Studies from our group and others have indicated that paracrine function is one of major mechanisms underlying stem cell-mediated cardioprotection. To improve therapeutic efficacy of cardiac stem cells (CSCs), modification of CSCs to enhance their paracrine actions is of great interest. We have shown previously that stem cells from female sex produced greater levels of protective growth factors compared with male stem cells. In addition, 17β-estradiol (E2)-treated mesenchymal stem cells provided better protection in the ischemia/reperfusion (I/R)-injured myocardium compared with untreated cells. In this study, therefore, we hypothesized that (1) treatment with E2 would improve CSC-mediated acute protection of cardiac function after global I/R; and (2) this greater protection in E2-treated CSCs would be attributable to the beneficial effect of E2 on paracrine actions of CSCs. CSCs were harvested from C57BL mouse hearts. Myocardial I/R was performed in isolated mouse hearts via a Langendorff model. A total of 0.1 × 10(6)/mL of untreated CSCs or E2-treated CSCs was infused into mouse hearts before ischemia or during the initiation of reperfusion. Heart tissue was used for analysis of activation of caspase-3 and STAT3. Secretion of vascular endothelial growth factor and stromal cell-derived factor 1α by CSCs and E2-treated CSCs was determined.
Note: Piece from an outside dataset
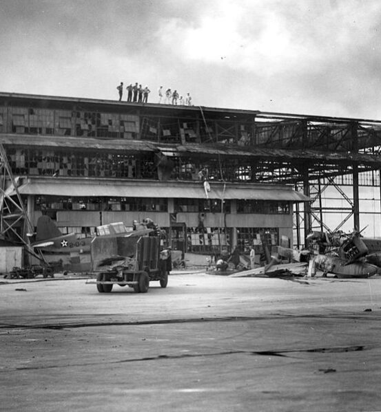 U.S. Navy personnel inspect a damaged hangar at Naval Air Station Ford Island in the aftermath of the Japanese attack on Pearl Harbor, Hawaii (USA), December 1941. A destroyed Vought OS2U Kingfisher is visible on the right, another OS2U of Observation Squadron VO-2 is worked on., U.S. Navy, U.S. Navy National Museum of Naval Aviation photo No. 1996.488.029.080, PD-USGov
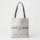 A roughly painted grid in pastel colours of teal, peach, and grey-green on a dark cream background creates a casual tote bag that you will love!

In addition, the conditioned medium from the cultivation of CSCs and E2-modified CSCs was used to treat cardiomyocytes during hypoxia. E2-treated CSCs produced greater levels of vascular endothelial growth factor and stromal cell-derived factor 1α compared with untreated CSCs. Preischemic infusion of CSCs and E2-treated CSCs improved myocardial function, increased activation of myocardial STAT3 (a prosurvival signaling), and reduced active caspase-3 after acute I/R compared with the vehicle group. The greater protection was observed in E2-treated CSC group than in CSC group. Additionally, infusion of E2-treated CSCs, but not untreated CSCs, during the initiation of reperfusion protected cardiac function after I/R, further indicating the beneficial effect of E2 on CSC protective function. Treatment with E2 enhanced CSC-derived protective factor production and improved CSC-mediated protection of cardiac function and myocyte survival after acute I/R, suggesting that in vitro modification of CSCs may improve their therapeutic outcome.